Once Leonardo left the workshop, he became just one of the many artists in Florence, unknown, and without clients or students. But in January, 1478, his first personal commission arrived, he was told by San Bernard, the commissioner, to paint the altar of the chapel in the Palazzo Vecchio. It took Leonardo 3 years to finish the commission, and not soon in March, 1481, Leonardo receives another commission, to paint Adoration of the Magi, a picture which to this day is famous world wide. Later in the year, Leonardo obtains the last part of the payment from the monks, even though he has never finished the painting, because he left Florence for Milan in the early 1482.
I n April, 1483, Leonardo decides to sign for another commission with Evangelista de Predis. This commission, decided by the Milanese Confraternity of the Immaculate Conception, was to be an artwork to celebrate their new chapel.

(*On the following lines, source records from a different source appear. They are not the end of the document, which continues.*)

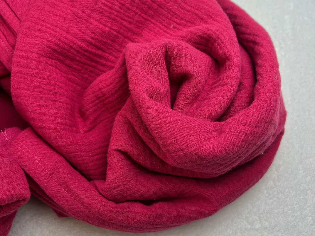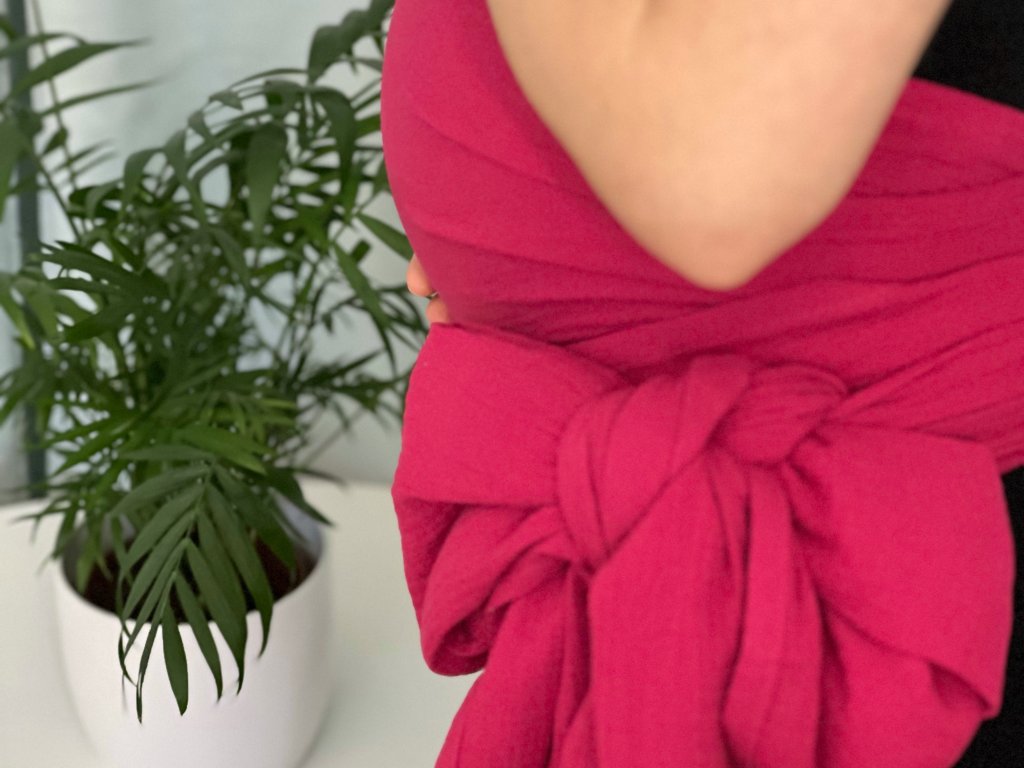 Bavlněný zavinovací šátek - mušelínový, v originál malinové barvě je lehký, prodyšný, vhodný zejména pro podporu bříška v letním období. Délka/šířka: 430 x 40 cm. Jemná opora pro ženy v těhotenství i po porodu, doporučený pro konfekční velikost 42–44/46.
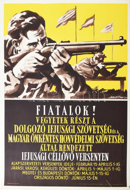cca 1950 Fiatalok! Vegyetek részt az Ifjúsági Céllövő versenyen..., pl... https://www.darabanth.com/de/41-Gross-Auktion/41.1/Kunst-Dokumente-andere-Sammelgebiete/Drucksachen~16793/cca-1950-Fiatalok-Vegyetek-reszt-az-Ifjusagi-Cellovo-versenyen-plakat-Sebok-grafikaja~II3004540
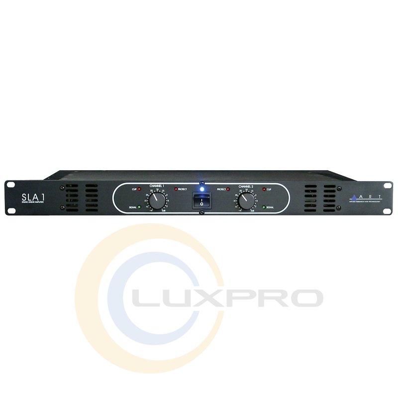 Двоканальний транзисторний підсилювач потужності SLA-1 призначений для роботи з моніторами SLM 1. Один з кращих підсилювачів в своєму класі. Однаково добре підходить для студійних інсталяцій і для експлуатації з HiFi акустикою.Підсилювач має потужність 100 Вт на канал при опорі навантаження 8 Ом, 130 Вт на канал при опорі навантаження 4 Ом, 260 Вт в мостовому режимі при опорі навантаження 8 Ом, 175 Вт в мостовому режимі при опорі навантаження 16 Ом.Підсилювач має тороидальний трансформатор, систему охолодження SmartFan з регульованою швидкістю обертання вентилятора, захист від короткого замикання, перевантаження, відсутність навантаження, перегріву (відключає посилення при досягненні температури 90 градусів), радіочастот.На задній панелі знаходяться симетричні входи (XLR і джеки), виходи для акустичних систем на закручується роз'ємах, знімний мережевий кабель, автоматичний запобіжник, перемикач стерео / моно (мостовий режим задається відповідним підключенням акустичних систем), кнопка відключення землі від корпусу.На передній панелі є обертаються регулятори рівня, поканальні світлодіодні індикатори наявності сигналу, перевантаження і активності захисту. Також є вимикач живлення і індикатор його наявності. Підсилювач однорековом, маса 6 кг.Характеристики:

In 1488, Leonardo paints another famous portrait, the portrait of Cecilia Gallerani, this artwork is commonly known as The Lady with an Ermine, even with the tragedy of his former master, Verrocchio, dead, Leonardo still had the courage to finish the painting. Before Verrocchio died it was said that after Verrocchio saw one of Leonardo's paintings of an angel, he never touched paint again.
When Fra Luca Pacioli, a famous mathematician from Venice, appeared in Milan, he and Leonardo became close friends, during this time, 1496, Pacioli taught Leonardo mathematics, but the these days didn't stay long. In 1499, Pacioli and Leonardo were forced to escape Milan when Louis XII of France seized the city and drove their clients out, but Pacioli and Leonardo still had a great time traveling from place to place together.
1500, Leonardo returns to Florence, and out of his wishes, he starts the artwork The Virgin and Child with St. Anne, but soon he gave up on this artwork in late 1503, to start another commission to enhance the walls of the Sala Del Consiglio Grande with his great rival Michelangelo, who also an Italian Renaissance painter, sculptor, architect, poet and engineer. But not soon after they started, Leonardo also gave up this commission to start the painting of Mona Lisa, or Lisa Gioconda, who was married to a successful silk merchant named, Francesco Del Giocondo. After he had lingered over the portrait for four years, he left it unfinished… He is thought to have continued to work on it for three years after he moved to France and had it finished shortly before he died. 1503, was also the year of Leonardo's father death.
Leonardo knew that soon to come was his own death, so as a memorial for himself, he did a self-portrait in red chalk, between 1512 and 1515. On the 23rd of April, 1519 he dictated his will and on the 2nd of May, 1519, he died peacefully in the castle of Cloux. Then on the 12th of August his body was buried in the church of Saint Florentine in Amboise and following his will; sixty beggars followed his casket. Melzi was the principal heir and executor, receiving as well as money, Leonardo's paintings, tools, library and personal effects. Leonardo also remembered his other long-time pupil and companion, Salai and his servant Battista di Vilussis, who each received half of Leonardo's vineyard, his brothers who received land, and his serving woman who received a black cloak of good stuff with a fur edge.
I chose Leonardo Da Vinci for this task, because I thought it would be pointless and not interesting if I studied about someone I didn't know a little about and it also would have been boring too. But the main reason why I decided to do this biography on Leonardo is because I have always been inspired by his many talents, and I thought it would be good if I knew more about the person I was idolizing. I have never thought someone could be so perfect with so many things.